17. (Original post by heavencanwait_)
OMG I actually understand this now lol, thank you!
I'm really glad you do. You cheered me up by saying that.

Bonne chance!
18. (Original post by Kishanpatel)
haha... -.- i know that...

i was hoping for more like 'don't panic' or 'read the questions thoroughly' or something like that....

also can some1 shed some light on COHESION-TENSION THEORY

thanks!!
The water molecules have hydrogen bonds between each molecule so this causes them to stick to each other creating tension. You also have adhesive which causes it to stick to the walls of the stem. Cohesive is useful because it causes water to easily go up the stem when as it is pulled up by the others. Adhesive prevents the water falling back down the stem due to gravity.

So when water evaporates from the spongy mesophyll, the water potential is lowered. Mineral ions are pumped into the xylem through active transport to lower the water potential as well. Water goes up the stem. The cohesive forces cause it to pull up other water molecules and adhesive prevent it falling.
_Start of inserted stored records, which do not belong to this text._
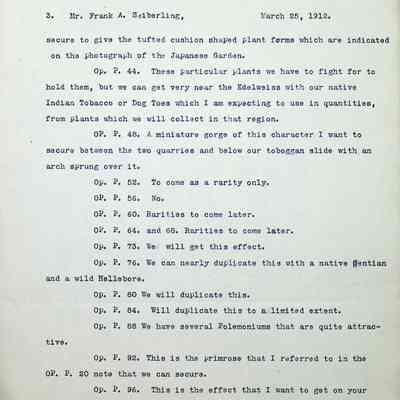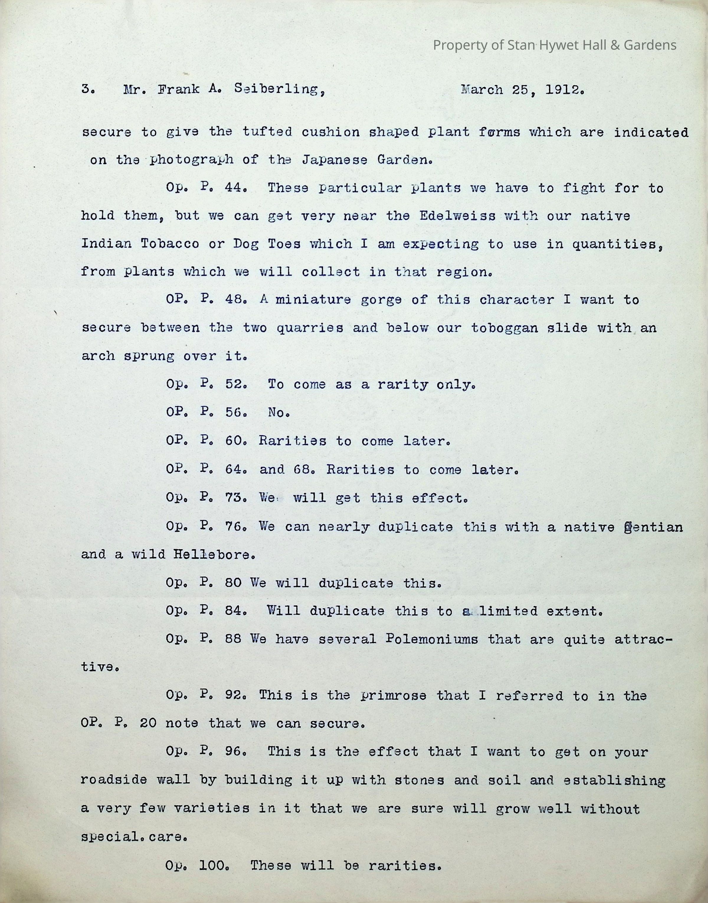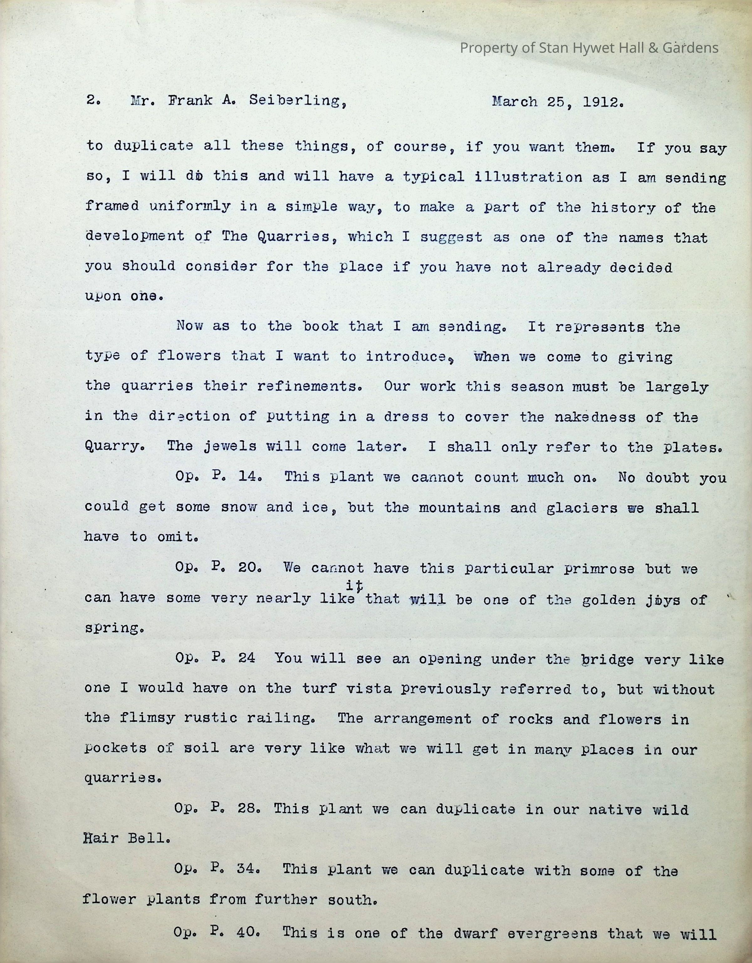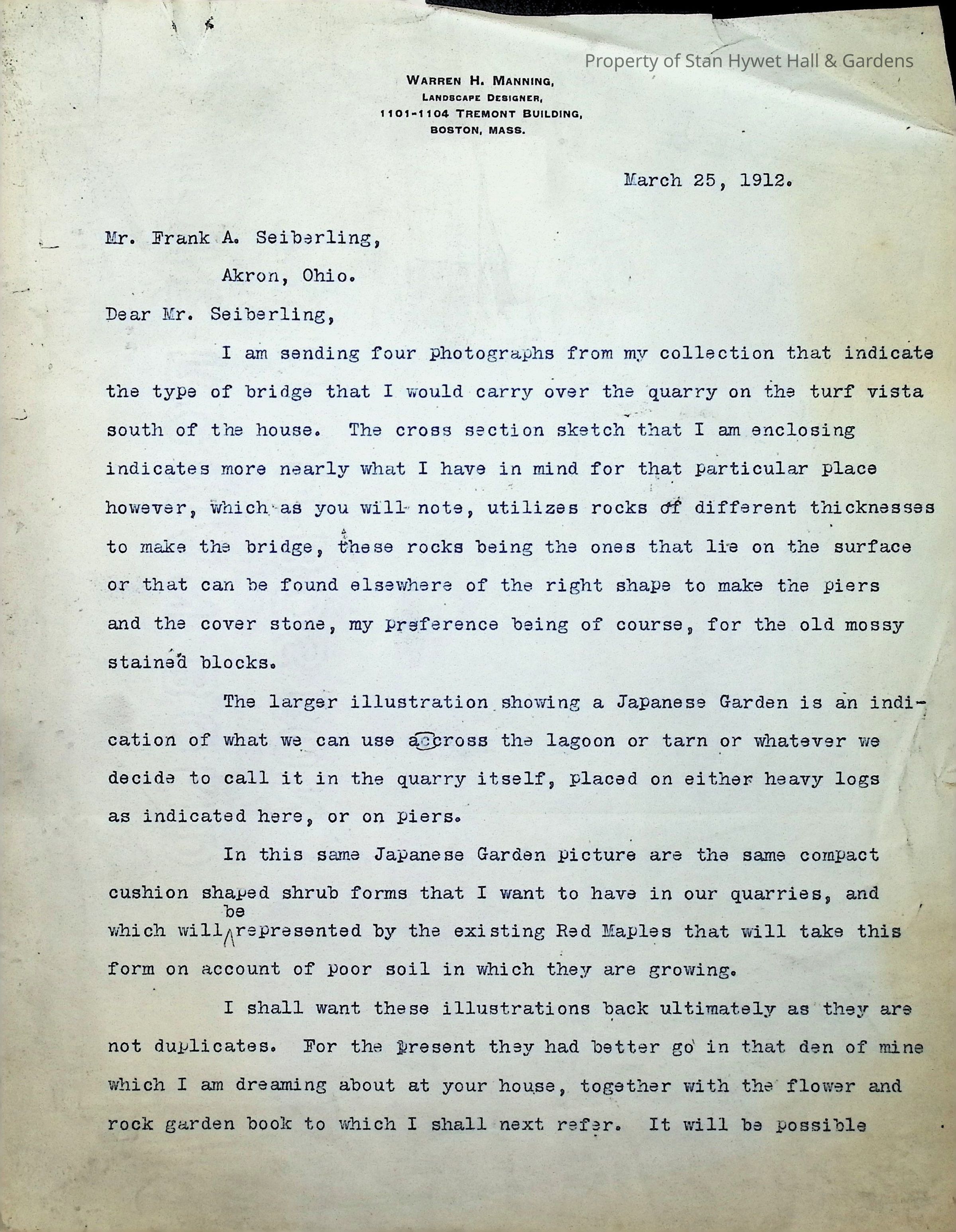 Typewritten letter on Warren H. Manning letterhead, written to Mr. Frank A. Seiberling in Seattle, Washington and dated March 25th, 1912 regarding updates on the construction of Stan Hywet Hall, specifically the type of bridge he has in mind for the "quarry on the turf vista south of the house." This is likely in the Dell. He includes a drawing of the Japanese Garden. He states that these are original drawings which have no copies and he jokingly mentions putting them into his den that he is dreaming of having at the house. He mentions that he is having all of his drawings "framed uniformly in a simple way" to document the development of the quarries. He uses almost 5 pages to reference plants from a book he has included, describing how each could be incorporated into the design.Subject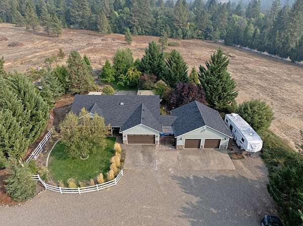 Nestled on 5.21 serene acres in picturesque Sunny Valley, this 3-bedroom, 2.5 bath home offers the perfect blend of rural charm and modern convenience, just 2 miles off I5 and not far from services. With 1,576 sqft of inviting living space, recent updates include a brand-new roof, gas stove, microwave. This mini-farm property is a dream for hobbyists and homesteaders alike-boasting water rights for irrigation, a fully fenced 50'x100' garden, a small orchard, and a chicken coop (complete with chickens). Ample storage and workspace abound with a 4 car garage, a large 24'x16' detached shop with high bay door and 100amp service, and two side carports. RV enthusiasts will love the large parking area with full hookups. Whether you're cultivating the land, working on projects or simply soaking in the valley's beauty, this home is a rare find where comfort meets country. Well tested at 10 GPM!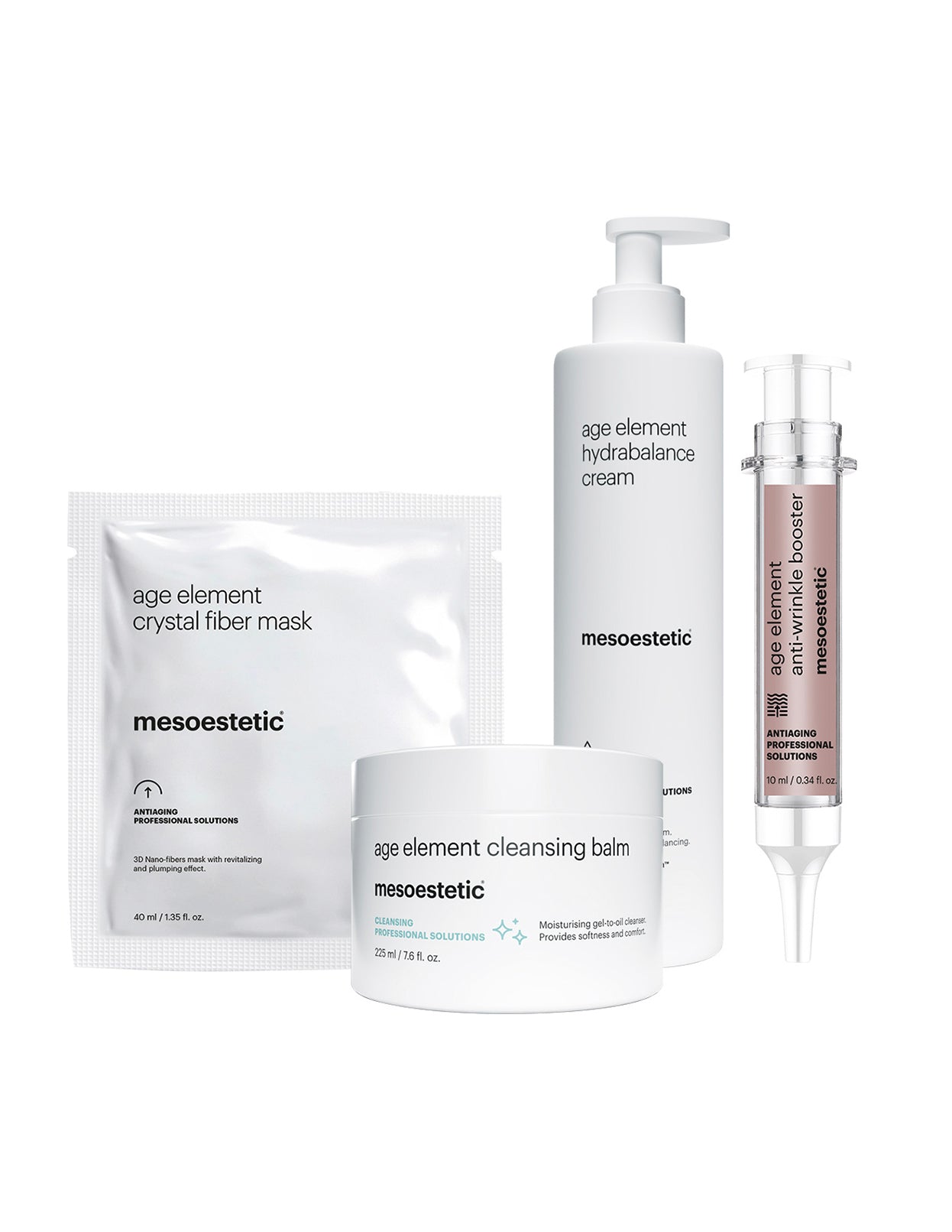 age element® anti-aging oplossingen zijn ontwikkeld om de belangrijkste tekenen van veroudering te behandelen; het is niet verplicht om de bijbehorende professionele behandeling uit te voeren. De combinatie van cabinebehandeling en follow-up van de bijbehorende age element® thuisroutine maximaliseert de resultaten en verhoogt de effectiviteit van de formules.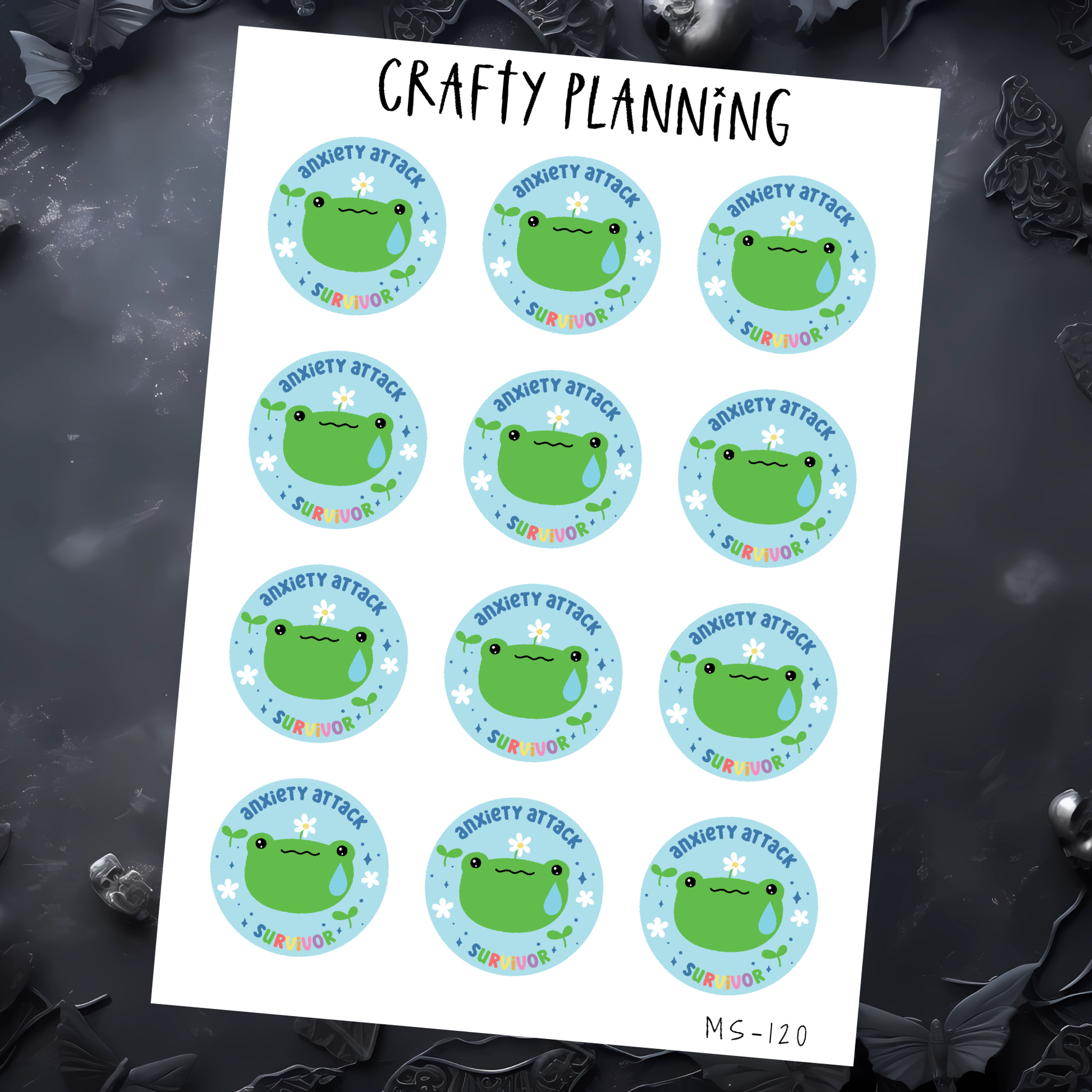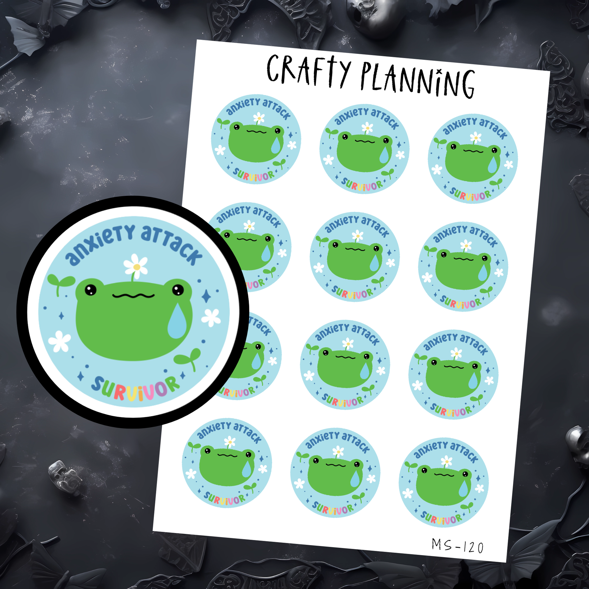 Mini sheet of 'anxiety attack survivor' stickers featuring a cute frog design.

Might also mention root pressure.
19. (Original post by ??????????????????)
Do they have waxy cuticles or is it just plants?
Put "waterproof coverings" for insects.
20. (Original post by Kandy_Kain_94)
Just found out that a 6 mark question came up on fish exchange in June 2009, is it likely to come up tomorrow then?
Probably not as a 6 marker then.
If it does, just mention counter currant system creates a concentration gradient allowing easier diffusion of oxygen into the blood. Stacked filaments and stacked lammele to increase surface area which also increases rate of respiration. Say it needs this because less oxygen in water than air.